Have you ever done an internship? If so, how was your experience? Would love to hear! 

Dear debt-ary

Dear debt-ary,

It has been a fun ride. We’ve spent an enjoyable few several years together. You helped me get through university and even funded a drink (or ten). You waited patiently while I traveled far and wide. In fact, you encouraged me because you knew it meant you could stick around longer and grow. If only I were as smart as you, debt-ary.

You saw me through good times and bad. You waited and waited while I looked for my first job out of university. In fact, you even agreed not to grow for a few months. You waited once again while I went back to school. Now you’re back. This time I’m ready for this relationship to end.

Don’t get me wrong. I appreciate everything you’ve done for me, and my early 20s would not have been the same without you. You afforded me luxuries that I wouldn’t have been able to indulge in without you. More importantly, you afforded me an education. For that I thank you. But now it’s time to go. In two short months, I am wiping you out forever. I’ll be replacing you with a new friend named savings and I have a feeling this relationship will be a lot less toxic.

Once again, thank you and goodbye.

LF

‘Tell me something interesting about yourself’

As some of you may know, I just started a new job at the beginning of January. Next week, we have a town hall meeting and as a new staff member I’ve been asked to write a short bio. Of course this bio should include ‘something interesting about yourself that other staff members may want to know.’ I’ve always hated this question because I automatically think that there is nothing interesting about me. I got to thinking and actually, yes! There are lots of interesting things about me. Since I’m generally pretty enigmatic, I thought I would  share some of them on this here bloggy:

  • I once hiked a 100km trail in 32 hours to raise money for charity.
  • I sky dived for the first time in Victoria B.C. and it was exhilarating. I would do it again!
  • I spent a month in Paris last summer on a whim. It was incredible but lonely at the same time.
  • I discovered I suffer from sea sickness when I puked in the Pacific Ocean years ago. On the plus side, I saw a small shark in that very ocean while scuba diving!
  • I once had a shot of Ouzo lit on fire…in my mouth.

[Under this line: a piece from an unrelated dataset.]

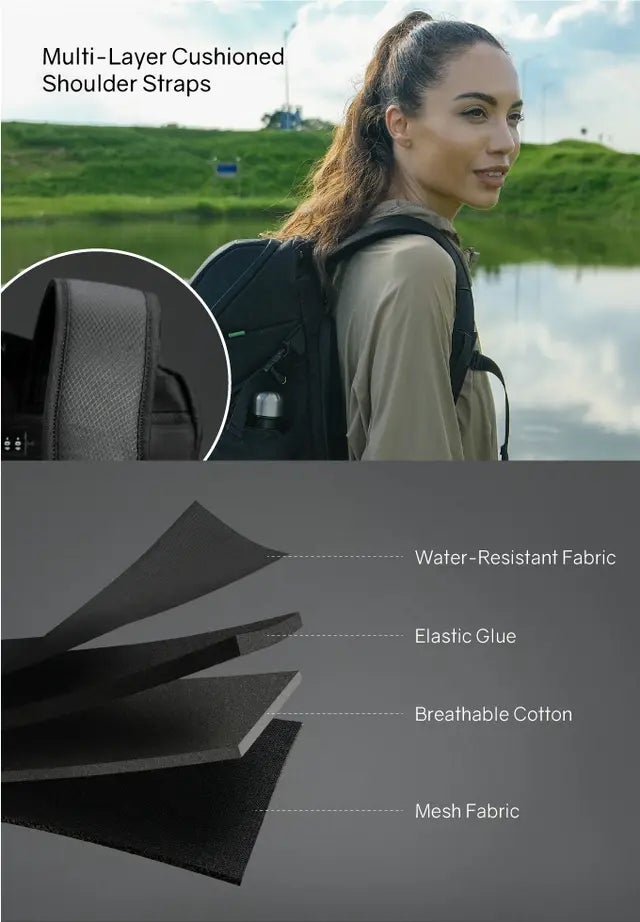 背負った荷物の重さから方への負担を軽減させるために多層クッション構造になったショルダーストラップや、背中のムレをリュックの外に排出しやすいクッション構造、水に強い素材を使用しております。

As I reflect on some of my cool experiences, I notice that the bulk of them occurred while on my various travels. As much as I despise my debt, I don’t regret funnelling my money into travelling in my early 20s. It was (is) a passion and besides the whole not having money thing, my early 20s were the perfect time to do it. Now that I’m in a committed relationship, I probably wouldn’t pick up and leave on a moment’s notice.

As I get closer to the debt finish line, I realize that it could have come a lot sooner. But so what? I would have been a few bucks richer and a lifetime of experiences poorer. Although I may not be a saucy vixen like Madonna, we definitely agree on one thing: Absolutely no regrets.

What’s the most interesting thing you’ve done?